It’s no secret that cable drama has been kicking the major networks’ ass for the past decade. Though network comedy has largely stayed strong, the broadcast networks have found themselves struggling to develop engaging and thoughtful drama. Meanwhile, cable’s been hard at work dominating the dramatic field with well-respected critical hits like Mad Men and Breaking Bad. On top of good critical reception, AMC’s The Walking Dead has proven a ratings juggernaut, even surpassing broadcast ratings on some nights.
In response, we’re starting to see networks mimic cable content. Most recently, FOX has pushed their new Kevin Bacon star vehicle The Following as their version of a gritty cable drama. The motivation for this comes from the series’ content (it’s about a serial killer). But the show itself is largely an empty exercise in screen violence. FOX here is mimicking the violence possible to portray on cable, but not the substance. It seems like the network is too focused on what shows on cable can “get away with” that network shows can’t, rather than focusing on why those cable shows use that subject matter. Breaking Bad isn’t there for us to shake our heads at violence and drugs, it’s a character study of a desperate man making poor decisions that quickly deteriorate his moral being. The Following is pretty much a show that exists so we can stare at fake blood and think “oooo, how edgy! Can you believe we’re seeing this on network TV?!?!”
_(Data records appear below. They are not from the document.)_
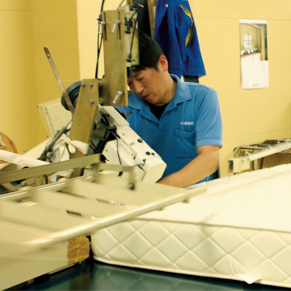 伸縮性の高いニット生地で包むことで、しっかりとしたポケットコイルの寝心地に適度な柔らかさを加えました。
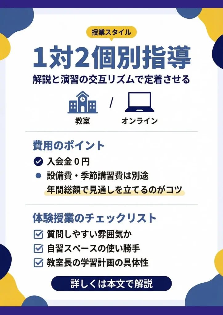 部活や体調不良などで予定が変わることの多い家庭や、授業だけでなく保護者への対応まで丁寧に見ておきたい家庭には、なじみやすい塾です。
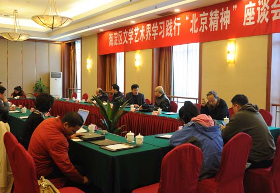 大家认为,对于艺术家和文艺工作者来讲,爱国是基本前提,是文艺创作的永恒主题;创新是基本动力,是文艺创作的生命力所在;包容是基本及安置取向,是文艺创作的现实需要;厚德是基本要求,是文艺创作的重要使命。宣传贯彻北京精神,文学艺术界要走在前列,为建设海淀人民的精神家园作贡献。

Bacon plays Ryan Hardy, a hardened former FBI agent. Bacon is a capable actor, and he more than anyone else in the cast gives these goofy scripts some sense of gravity. But the story itself is too ludicrous to suspend disbelief. The serial killer in question, Joe Carroll (played by James Purefoy, struggling to make the lines not sound ridiculous), currently incarcerated, has apparently used the internet in the prison library to amass an army of followers/admirers, creating some sort of chat-room fueled serial killer cult. Hardy then spends the series catching these followers and sparring with Carroll in prison. The show uses goofy Edgar Allen Poe references as plot devices that become grating very quickly. The characters, outside of Hardy, are all ciphers, speaking in mostly exposition with no real personality to latch onto or get invested in.
To a large extent, The Following seems to exist so FOX can say that they are “edgy.” This kind of shallow mimicking of prestige cable shows is a desperate tactic resulting in unremarkable work. If networks want to produce this kind of content, it’s done through good writing, not by finding excuses to splatter fake blood all over the set.